Pessimistic locking locks the entire table?

Hi guys,

I must be missing something obvious with pessimistic locking. Here is
what I do (Rails 2.3, mySQL):

In my Foo model:

def test
Foo.transaction do
lock = UpdateLockForFoo.find_by_foo_id(self.id, :lock => true)
sleep 30
end
end

For each Foo model, I have an UpdateLockForFoo. This “lock” needs to
be acquired before doing any changes to Foo.

I believe it works, except that my entire UpdateLockForFoo table is
blocked during the sleep. If I open two terminals and do:

1st terminal:
f = Foo.find(1)
f.test

2nd termincal:
f = Foo.find(2)
f.test

The 2nd terminal waits 30s before doing what it has to do. My
understanding was that :lock => true only locks a specific record, but
it seems it is not the case and it locks the entire table.

Do you know?

Please note: it might not look like a good idea to have this separate
UpdateLockForFoo model but I am just simplifying the whole thing here
(I need this second model).

Thanks!

Hi Scott,

Thanks. In case it helps others, it is explained here:

Setting transaction to Read Committed did not work for me though, but
creating an index on UpdateLockForFoo did the trick.

Thanks!

On Apr 2, 2012, at 4:33 PM, PierreW wrote:

My
understanding was that :lock => true only locks a specific record, but
it seems it is not the case and it locks the entire table.

That depends on what kind of locking the underlying database offers.
Which with MySQL depends on the storage manager you’re using.


Scott R.
[email protected]
http://www.elevated-dev.com/
(303) 722-0567 voice

On Apr 3, 7:52pm, PierreW [email protected] wrote:

Hi Scott,

Thanks. In case it helps others, it is explained here:

mysql - InnoDB SELECT ... FOR UPDATE statement locking all rows in a table - Stack Overflow

Setting transaction to Read Committed did not work for me though, but
creating an index on UpdateLockForFoo did the trick.
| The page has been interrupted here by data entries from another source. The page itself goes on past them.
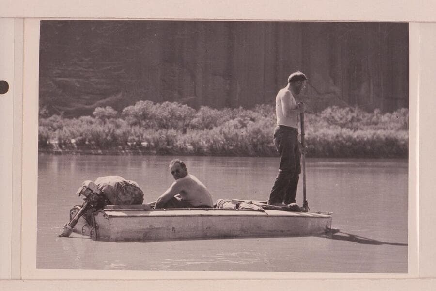 Frank Swain, Bill Chryst and Julius F. Stone in the "Amos" during traverse of Glen Canyon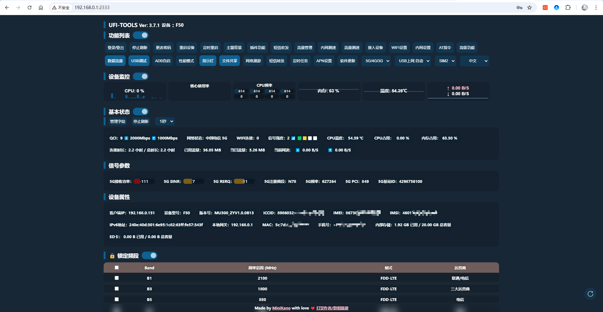 UFI-TOOLS 最绝的是把中兴 F50 的 "隐藏技能" 全解锁了:就像给老手机刷了新系统,不仅能看实时网速、IPv6 地址这些 "体检报告",还能一键开启 USB 调试、网络 ADB,甚至能远程开关文件共享。最实用的是 "锁频段" 功能,好比给 WiFi 装了 "导航系统",直接锁定信号最好的基站,玩游戏再也不跳 ping。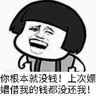 你根本就没钱!上次嫖娼借我的钱都没还我!

InnoDB’s row level locks are actually index-range locks - if there is
no index for the column you are using to select the records to lock
then this will result in locking the whole table.

Fred

wam r. wrote in post #1054714:

Hi guys,

I must be missing something obvious with pessimistic locking. Here is
what I do (Rails 2.3, mySQL):

So is there a reasonable use case for pessimistic locking on a web
application? That seems insane to me.

I don’t know if using pessimistic locking is the best way to do it,
but here is why I used this:

  • every X hours a demon runs and updates records
  • thing is, this demon “action” can last Y with Y > X

So there is a risk that two instances of the demon try to update the
same record. So each demon needs to acquire the lock before they can
do anything on a given record.

I guess an alternative could be to try and make sure that a demon only
starts if the previous one has finished but this was not an option in
my case.

Adding an index was actually fairly easy.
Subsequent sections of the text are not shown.